The Diapers for Refugees program is preparing for the first diaper delivery of 2017 in March. The aim of the Diapers for Refugees program is to provide 160,000 disposable diapers every three months to displaced Christian families living in refugee camps.
These families have little-to-no access to soap and warm water to clean cloth diapers. Because of this, diseases spread quickly and families across these camps are dying from diaper rash and they need our help.
Diaper shipments are distributed by large truckloads to refugee camps across northern Iraq. The cost of a single shipment of diapers ranges from $18,000- $20,000, roughly, 11 cents per diaper. Each shipment helps over 300 Christian refugee families in Iraq.
In 2017, with your help, the Diapers for Refugee program plans to delivers 640,000 diapers to our Christian brothers and sisters suffering in the Middle East.

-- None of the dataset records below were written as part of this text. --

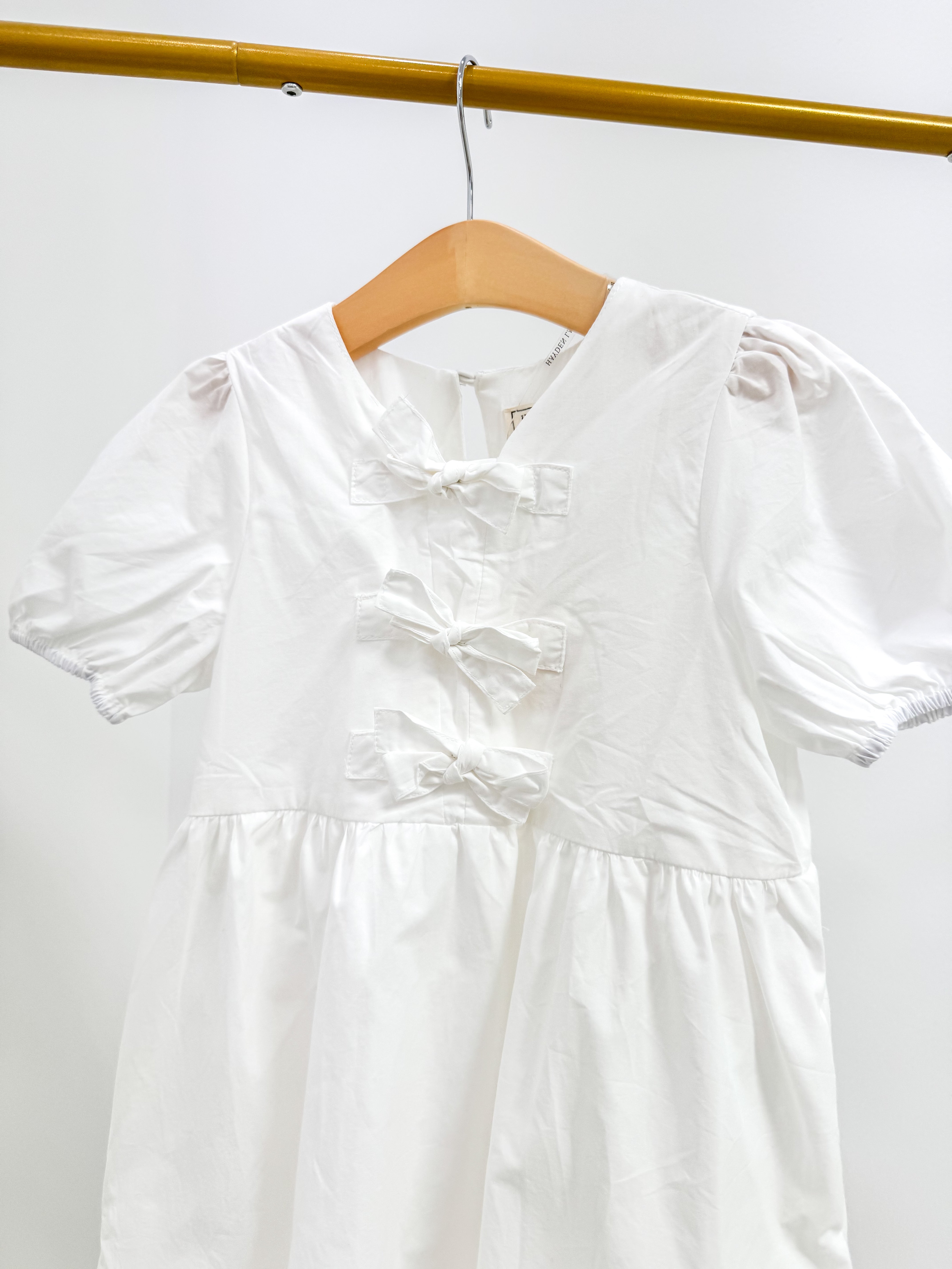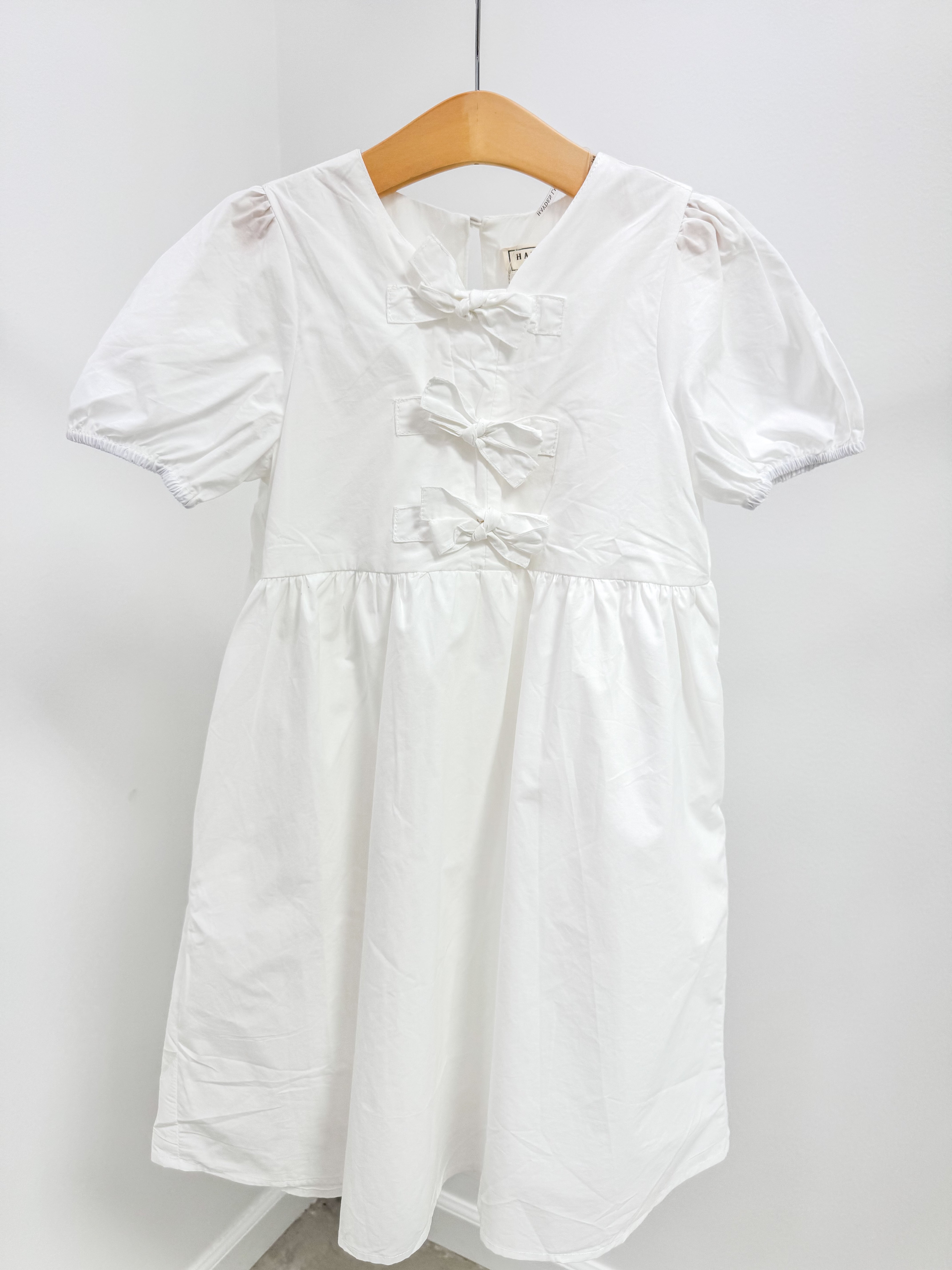 Girls Ribbon Detailed Puff Sleeve Dress
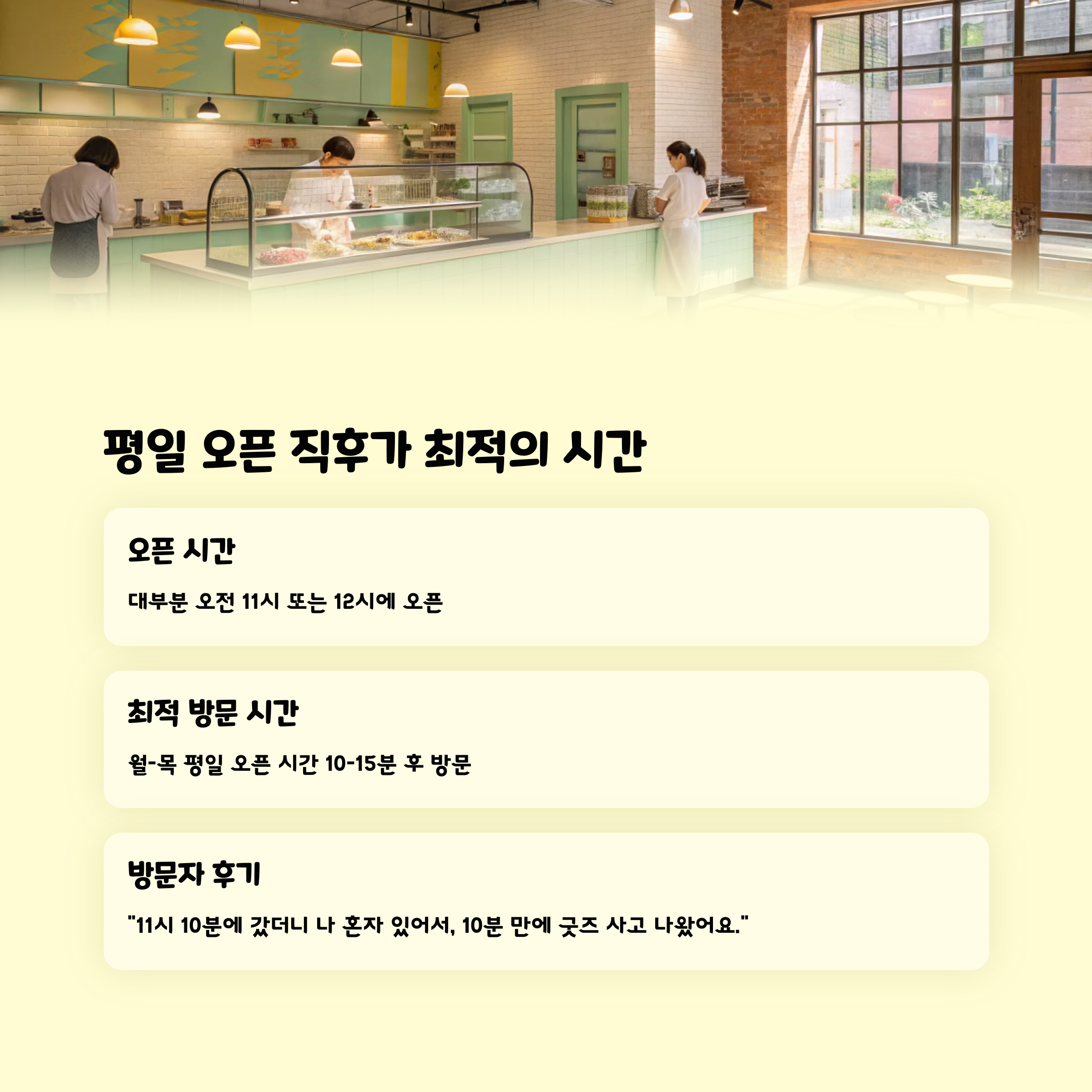 목 평일 오픈 시간 1015분 후 방문 시 대기 줄 없이 입장이 가능한 경우가 많습니다.
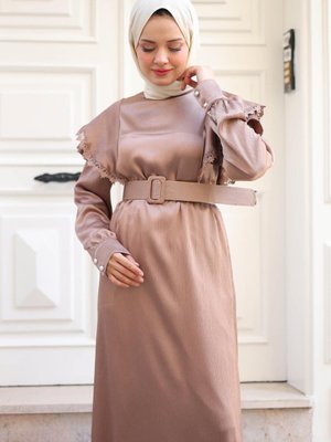 RENK: Nakış İşlemeli Saten Elbise Vizon
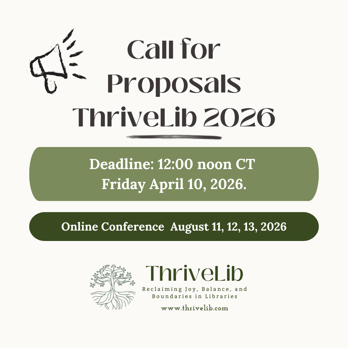 ThriveLib: Reclaiming Joy, Balance, and Boundaries in Libraries is a virtual conference created for librarians, library managers, and library workers who are ready to reimagine what well-being looks like in their professional lives. Library workers are experiencing rising rates of burnout, moral injury, and disconnection. ThriveLib was born out of the need for space, support, and strategies that prioritize the well-being of those who sustain our libraries every day.
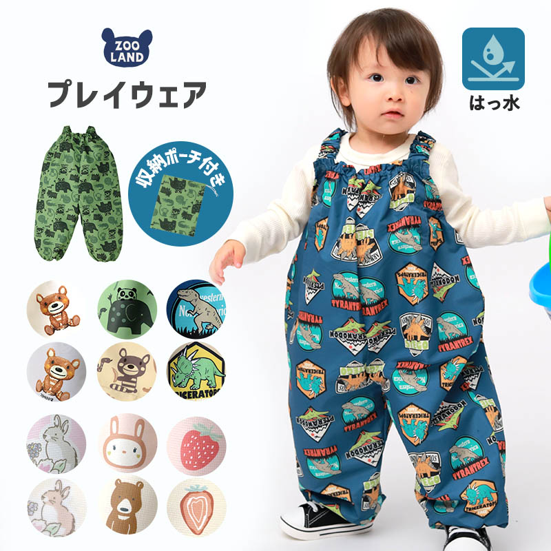 雨や汚れから子どものお洋服を守るプレイウェア♪雨を弾く素材なので水濡れもしっかりと防いでくれます。肩紐がゴムなのでお子様の成長に寄り添って長く着られます。 [234037] プレイウェア お砂場着 はっ水 撥水加工 子供 砂遊び サロペット ( 80-110cm ) 砂遊び 雨の日 雨具 柄 幼稚園 公園 エプロン キッズ ベビー 汚れ防止 子供服 恐竜 ダイナソー ZOOMIC ズーミック くま 花 オーバーオール つなぎ スモック 80cm 90cm 95cm 100cm 110cm

Until March, any donation made to the Diapers for Refugees program will receive a Nazerene pin as a free gift.
On this pin is the Arabic letter pronounced “nun,” and it is this letter that the genocidal Muslims of the Islamic State (ISIL) use to mark Christian homes, businesses, and properties for destruction or confiscation – much like the Nazis used a yellow Star of David to mark the Jews.
“Nun” is the 14th letter of the Arabic alphabet (the equivalent of the letter N in our Roman alphabet), and is the first letter of the word Nasara (Nazarenes), which is what Muslims have called Christians since the beginning of their invasion of the Christian world in the seventh century. Christians under Muslim rule have never called themselves Nasara, since the intent of Muslims using this term was to portray Christians as a contemptible and disobedient sect.
For centuries Muslims have used the “nun” letter to mark Christians and their property, just as is done today by the Islamic State in Iraq and Syria. Christians must no longer be singled out by the terrorists of Mohammed! By wearing this symbol, you are helping to express outrage and demanding that this madness be stopped!
To radical Muslims, this “nun” symbol means Christian genocide, but to us, it symbolizes hope for the future and a call to remember those who are suffering unjustly.
For Christians in the United States, this Arabic letter which is used to mark Christian homes and business must become a symbol of solidarity with Iraqi and Syrian Christians who by the hundreds of thousands have been forced to flee their homes to escape Islamic terror.